- **Input material**
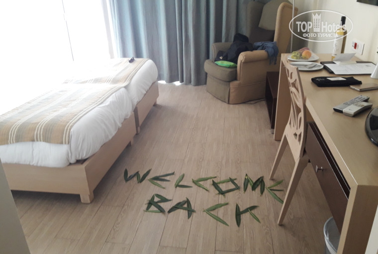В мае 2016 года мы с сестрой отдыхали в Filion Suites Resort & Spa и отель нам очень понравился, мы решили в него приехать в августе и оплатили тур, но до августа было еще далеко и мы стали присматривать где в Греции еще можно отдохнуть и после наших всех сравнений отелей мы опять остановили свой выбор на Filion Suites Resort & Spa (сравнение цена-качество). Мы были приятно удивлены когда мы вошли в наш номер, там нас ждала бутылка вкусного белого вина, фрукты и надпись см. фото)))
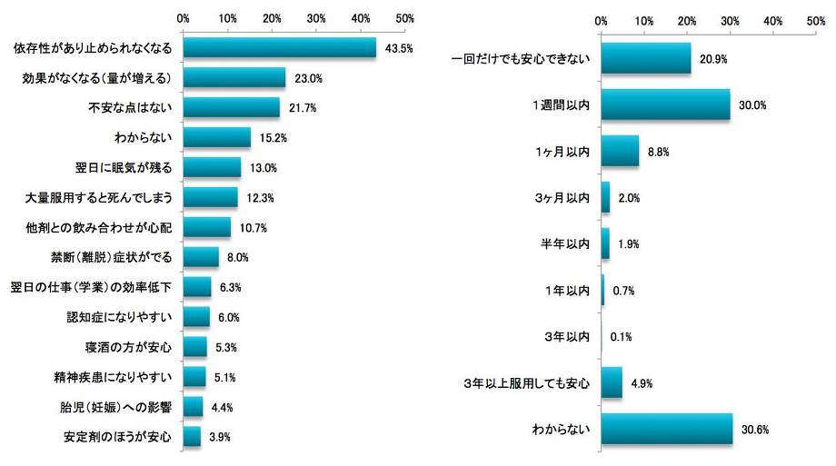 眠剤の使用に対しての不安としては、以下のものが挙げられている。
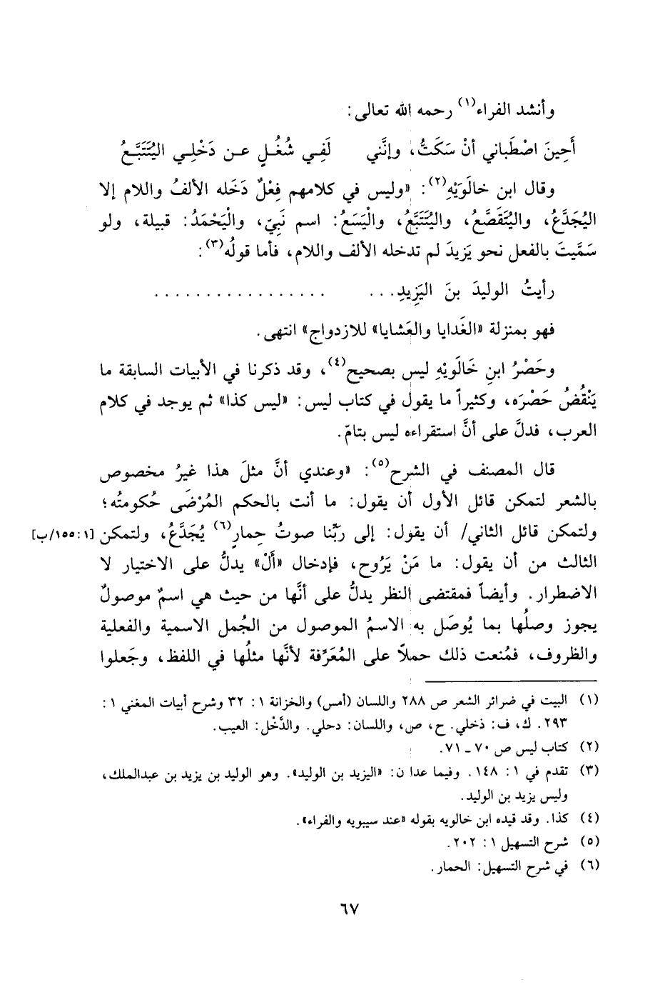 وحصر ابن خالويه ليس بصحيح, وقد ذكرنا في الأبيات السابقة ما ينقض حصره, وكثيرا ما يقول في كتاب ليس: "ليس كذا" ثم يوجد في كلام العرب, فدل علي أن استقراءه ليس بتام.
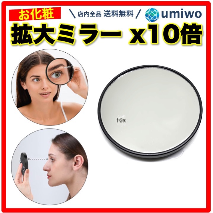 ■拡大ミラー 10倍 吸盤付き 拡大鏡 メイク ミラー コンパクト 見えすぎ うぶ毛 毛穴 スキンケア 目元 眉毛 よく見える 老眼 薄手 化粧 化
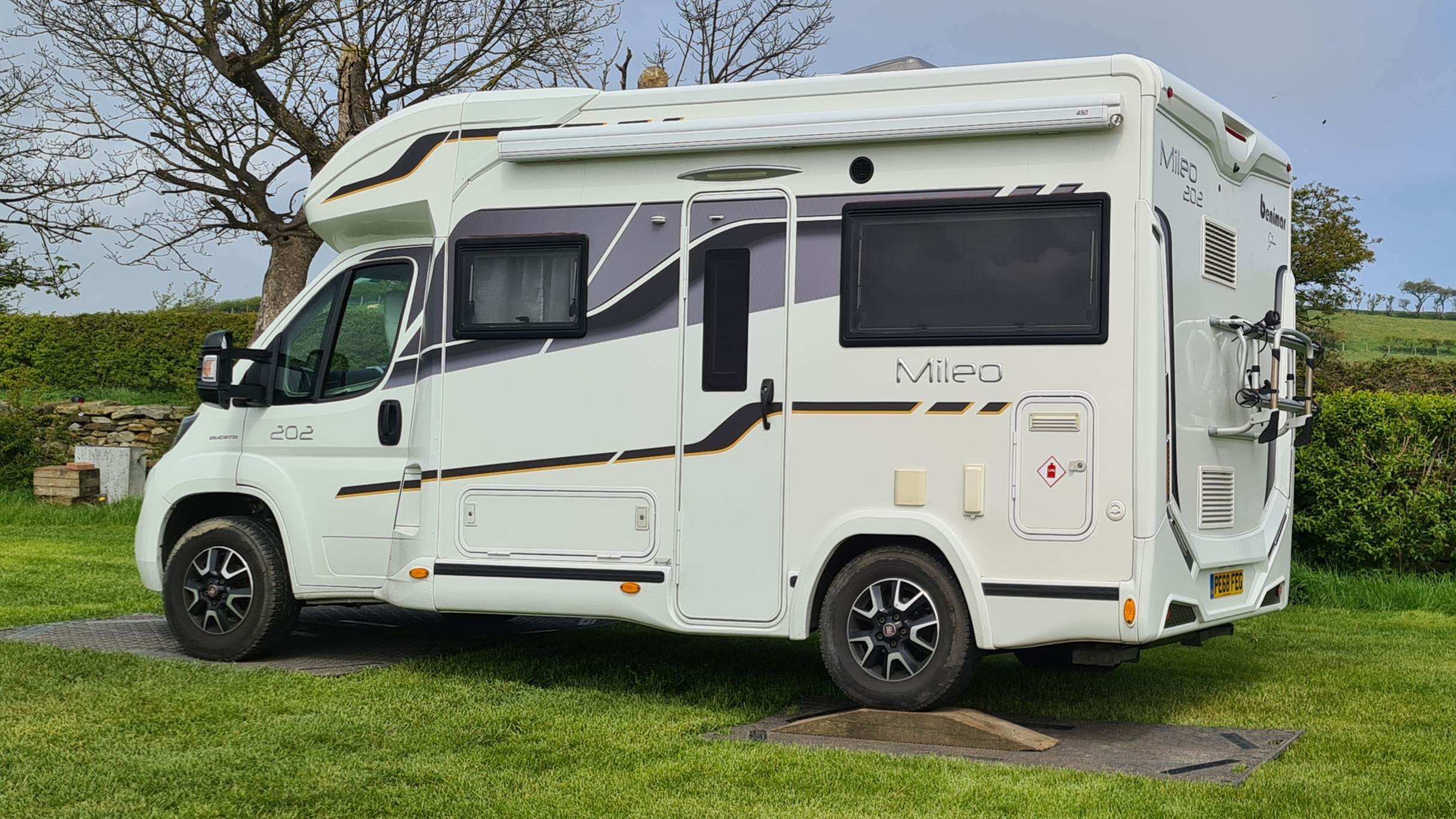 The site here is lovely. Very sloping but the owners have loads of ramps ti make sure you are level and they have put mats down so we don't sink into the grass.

==

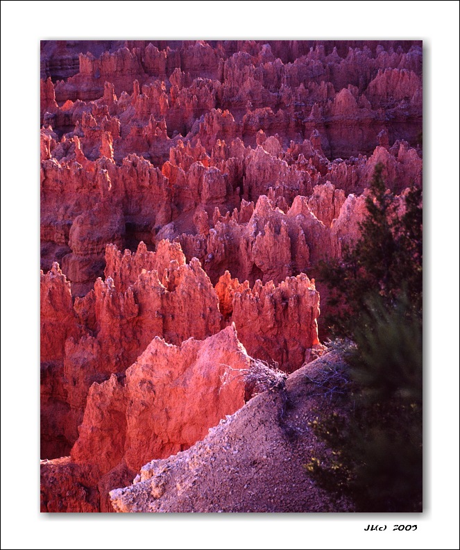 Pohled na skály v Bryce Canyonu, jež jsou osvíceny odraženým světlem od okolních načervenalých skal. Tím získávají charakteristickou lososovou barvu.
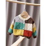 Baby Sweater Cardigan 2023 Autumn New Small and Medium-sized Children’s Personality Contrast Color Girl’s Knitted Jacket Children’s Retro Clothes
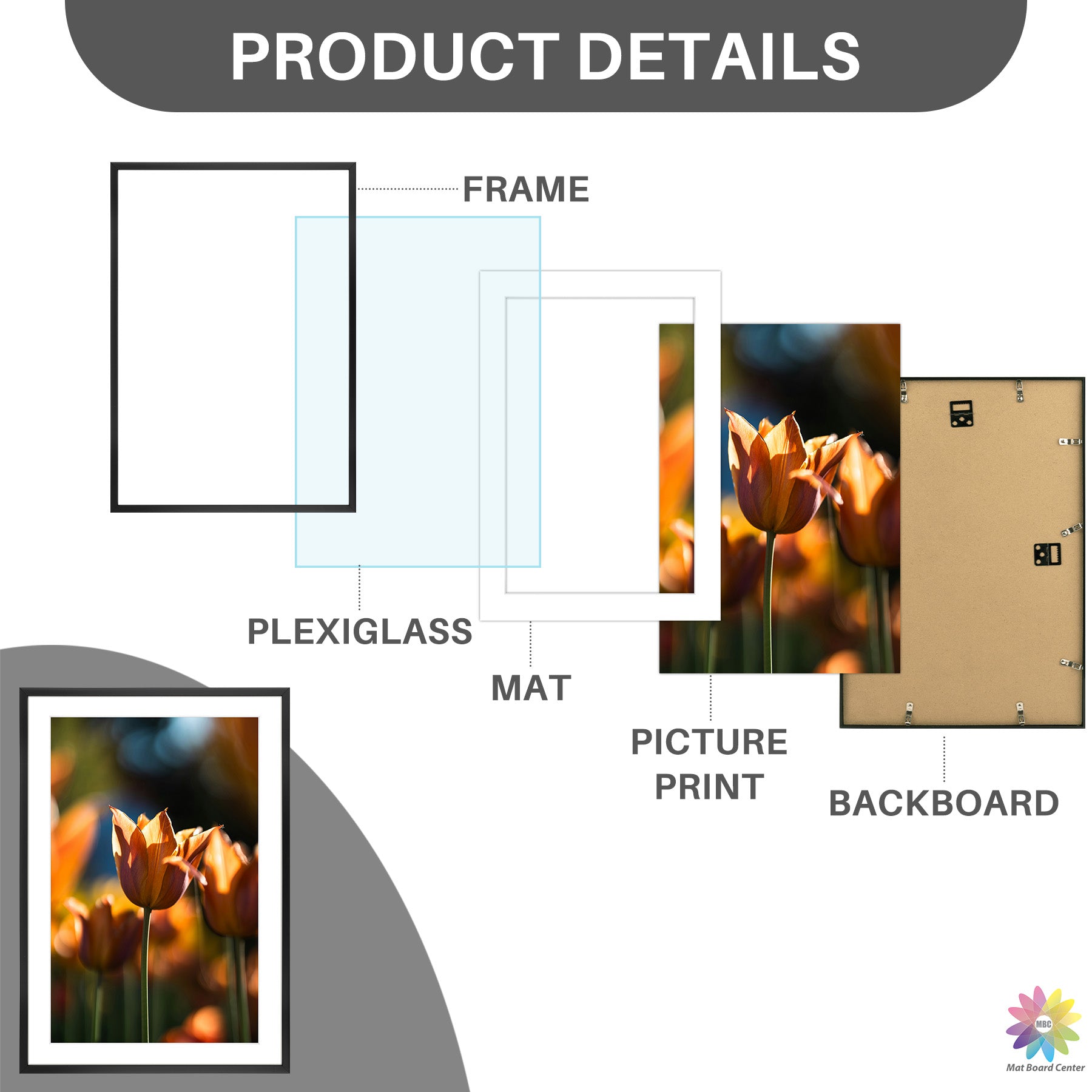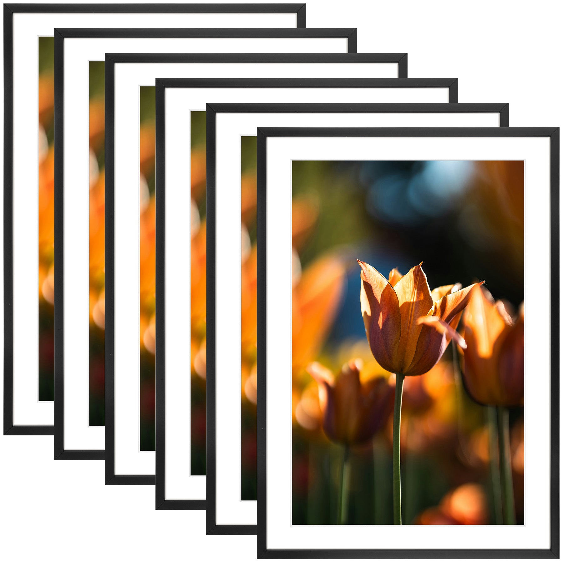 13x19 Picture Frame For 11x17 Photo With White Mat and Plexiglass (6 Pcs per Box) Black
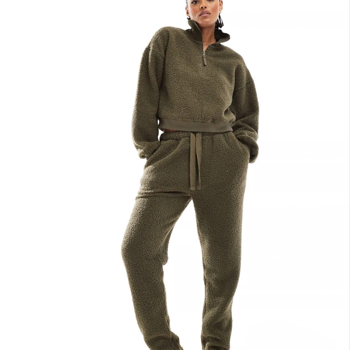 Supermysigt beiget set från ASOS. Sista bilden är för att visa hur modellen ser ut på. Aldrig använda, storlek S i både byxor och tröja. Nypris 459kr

- **Action item**
Only the lines of the listing above from the one with "وحصر ابن خالويه" through the one with "よく見える 老眼 薄手 化粧 化" should be output, exactly, with both ends kept and pictures left out.

- **Exercise response**
 وحصر ابن خالويه ليس بصحيح, وقد ذكرنا في الأبيات السابقة ما ينقض حصره, وكثيرا ما يقول في كتاب ليس: "ليس كذا" ثم يوجد في كلام العرب, فدل علي أن استقراءه ليس بتام.
 ■拡大ミラー 10倍 吸盤付き 拡大鏡 メイク ミラー コンパクト 見えすぎ うぶ毛 毛穴 スキンケア 目元 眉毛 よく見える 老眼 薄手 化粧 化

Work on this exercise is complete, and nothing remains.